Più che mai è il Pd dello Stretto che si pone quelle domande, anche su richiesta degli stessi elettori che in questi 2 anni hanno iniziato a guardare altrove. Il dibattito si è soffermato proprio sullo strano caso dell’unico Pd d’Italia che in questo momento non solo agonizza ma rischia di perdere alle amministrative di fine maggio, ed è l’unico Pd d’Italia che non riesce ad incidere nelle decisioni dell’amministrazione e nella vita politica della città. E’ un Pd rimasto paralizzato ai fatti del 2013 ed ostaggio di una vecchia gestione. Interessanti in questa direzione gli interventi di Filippo Panarello, Giacomo D’Arrigo, Alessandro Russo, Francesco Barbalace, Lillo Oceano e di quanti hanno sottolineato l’impellenza di un cambiamento, di uno scongelamento collettivo.

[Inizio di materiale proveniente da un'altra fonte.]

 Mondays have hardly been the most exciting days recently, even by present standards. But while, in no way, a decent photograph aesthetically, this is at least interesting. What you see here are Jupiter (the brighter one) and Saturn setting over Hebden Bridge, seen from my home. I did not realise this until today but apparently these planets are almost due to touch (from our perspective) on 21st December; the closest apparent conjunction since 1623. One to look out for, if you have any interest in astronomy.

“C’è un Paese lacerato che viene da 7 anni complicatissimi- ha concluso Speranza senza però mai toccare i temi siciliani e messinesi- In questi 7 anni il Pil è sempre stato con il segno “meno”, la disoccupazione è quasi raddoppiata. Il sistema politico attuale è figlio di questi 7 anni, Grillo, Salvini, Berlusconi sono figli di questi 7 anni di crisi. Di fronte a questi populismi il Pd è l’unico a poter vincere la sfida, se apre alle spinte riformiste interne. Se non regge il Pd l’Italia non ce la fa. In quest’anno abbiamo dato risposte ai primi “pezzi” d’Italia, con la manovra degli 80 euro e l’Irap lavoro, adesso dobbiamo pensare ad una misura universale di contrasto delle povertà, per dare risposte ad altri pezzi. Esiste la differenza tra destra e sinistra, eccome. Ed è su scelte come questa. Certo, se la Camusso attacca il Pd e Bondi lo elogia allora c’è qualcosa che non va, ma non dobbiamo parlare di scissione, quanto di confronto. Alla fine di ogni incontro mi fermano sempre 40enni, 50enni e la domanda immancabile è: “mio figlio che fine fa?”. Mi fermano i 60enni e mi chiedono “mio nipote che fine fa?”. E’ a loro che dobbiamo dare queste risposte. E può farlo solo il Pd, questo Pd che ha già cominciato a farlo. Quella foto, Berlusconi, Salvini e Grillo rappresentano un’anomalia in Europa e se vincono loro perderemo in credibilità”.
Si ritorna quindi alle domande di Grioli, da dove veniamo e dove andiamo. Per Speranza, che pure si è dimesso, non ci sono dubbi sul dove andiamo “andiamo col Pd e nel Pd”, è sul chi siamo che occorre correggere il tiro, per aprire il partito alle spinte riformiste ed al dialogo.